Participation in a Criminal Association and ConspiracyCriminal collectives displaying different structures of association pose serious challenges to traditional criminal law. Responses to some of these challenges can be found in the traditional models of conspiracy and participation in a criminal association. The goal of this project is to identify similarities and differences between the two models, explain how the two approaches are combined in international models, and examine how their elements get transferred to the legislation of transitional countries. |
| Project category: | Doctoral dissertation |
| Organizational status: | Individual project |
| Project time frame: | Project commences: 2006 Project ends: 2009 |
| Project status: | Completed |
| Project language(s): | English |
| Legal system(s): | 5 European legal systems; European and UN criminal law |
Head(s) of project:
- Dr. Almir Maljević, LL.M. [Email]
The system of criminal law, as we know it today, was traditionally designed to react to a crime committed by an individual. However, everyday reality has shown that, today, crimes are committed by criminal collectives, too. The varying organisational structures of these collectives as well as the strategies they deploy in order to be as protected and at the same time as efficient as possible pose some serious challenges for the traditional criminal law. The challenges can be seen, for example, in the fact that the individuals who actually perpetrate a crime might not be those primarily responsible for it or in the fact that group criminality is characterised by the division of labour, which means that some individuals may contribute to the commission of an offence by lending logistical support or by performing some other activities that are beyond the scope of provisions on complicity or individual criminal liability. At the same time, there is a general, although debatable, assumption that a crime committed by a criminal collective is more dangerous to society than a crime committed by an individual offender so the reaction to this sort of crime should take place even in the early stages of preparation. The traditional criminal law provisions on punishable preparations do not, however, seem to provide for such early reaction.
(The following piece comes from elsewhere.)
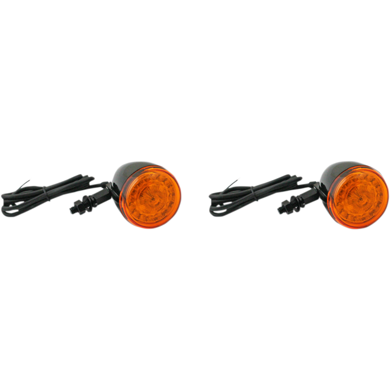 Features 24 amber dual-intensity turn, automotive-grade LEDs per unit. Housed in an aluminum bullet housing measuring 3.125" L x 2.25" D with a 5/16" - 18 mounting stud. Available in chrome or gloss black finish with amber lenses. DOT & SAE compliant. Sold in pairs. NOTE: Load equalizer may be required.
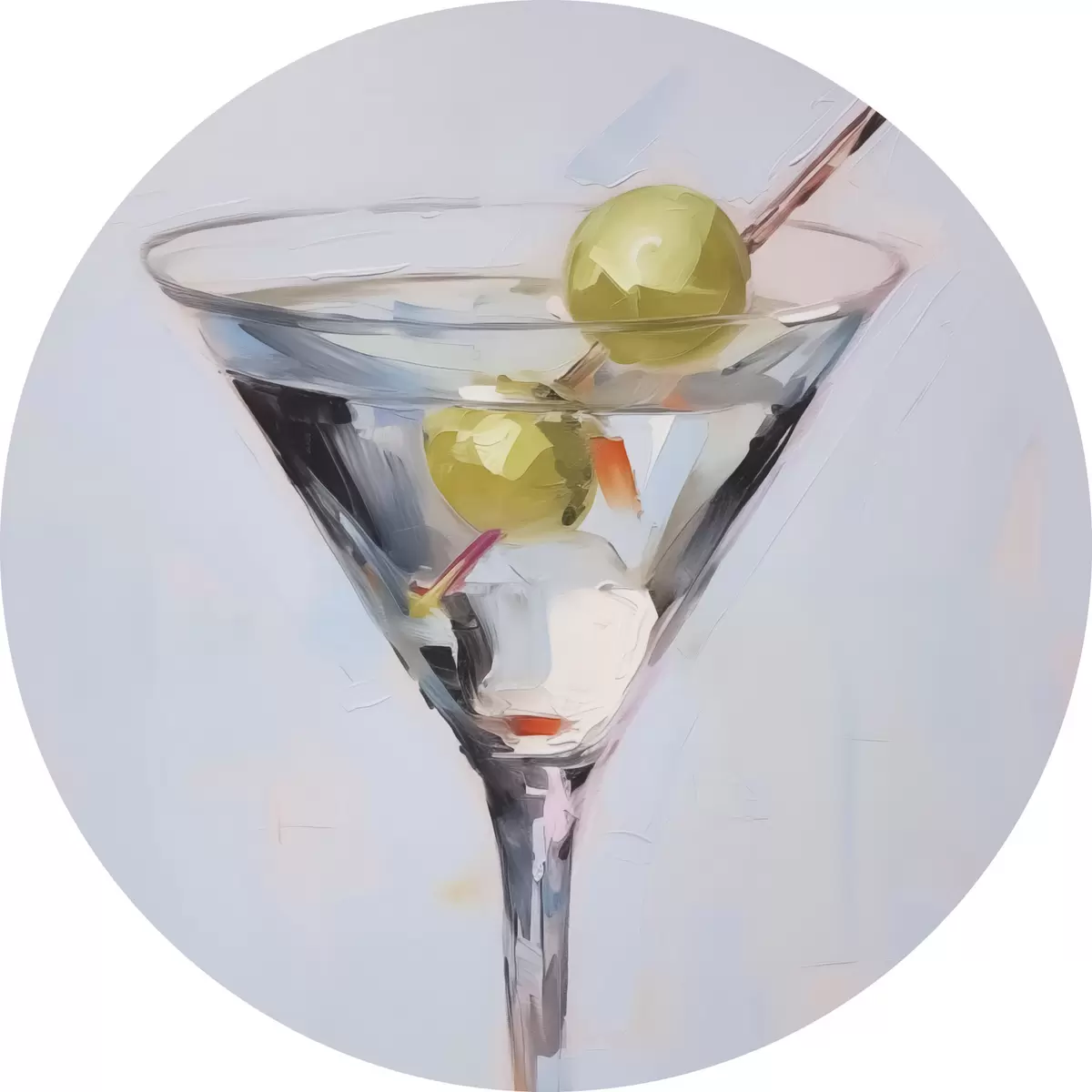 Ronde schilderijen Glas met een imitatie schilderij van een drankje Nr r46717

For the purpose of fighting such collectives, countries have tried to adjust their criminal legislation by modifying existing and/or by developing new instruments to address the problem. Object of the research in this dissertation are two different traditional national criminal law models designed for that purpose, namely, participation in a criminal organisation (Germany) and conspiracy (England and Wales). As it is argued that the conceptual differences between these two traditional models are significant, the two models are combined in both European (EU) and international (UN) legal instruments. As a result, the so-called international models of participation in a criminal organisation and conspiracy have developed. The main idea behind this development was the subsequent transfer of the elements of these international models into the legislation of transitional countries that had not developed such instruments themselves (Bosnia and Herzegovina, Serbia, or Croatia). Thereby, so it was thought, the fight against criminal collectives would be facilitated not only nationally but in the international arena as well.
The aims of the research are, first, to analyse two traditional, two international, and three transitional models of participation in a criminal organisation and conspiracy in order to describe the constitutive elements thereof; second, to evaluate the transfer of the constitutive elements of the models from the traditional to the international models and from the international to the transitional models; and third, to compare two traditional models of participation in a criminal organisation and conspiracy based on the constitutive elements and to explain their similarities and differences.
The main method to be applied is that of normative analysis by means of which criminal legislation of Germany, England and Wales, UN, EU, Bosnia and Herzegovina, Croatia, and Serbia will be analysed. In order to achieve a better understanding of both the evolution of the models as well as of the effect of the transfer of elements on the traditional-international-transitional models relationship, the historical method will be applied. The method of comparative legal analysis will be applied for the purpose of comparing similarities and differences between legal solutions found in the traditional, international, and transitional models. In the end, in order to test the results of the abstract legal comparison between the traditional models based on their constitutive elements, a hypothetical case will be developed and the practical legal analysis thereof performed through the prism of the constitutive elements of the models.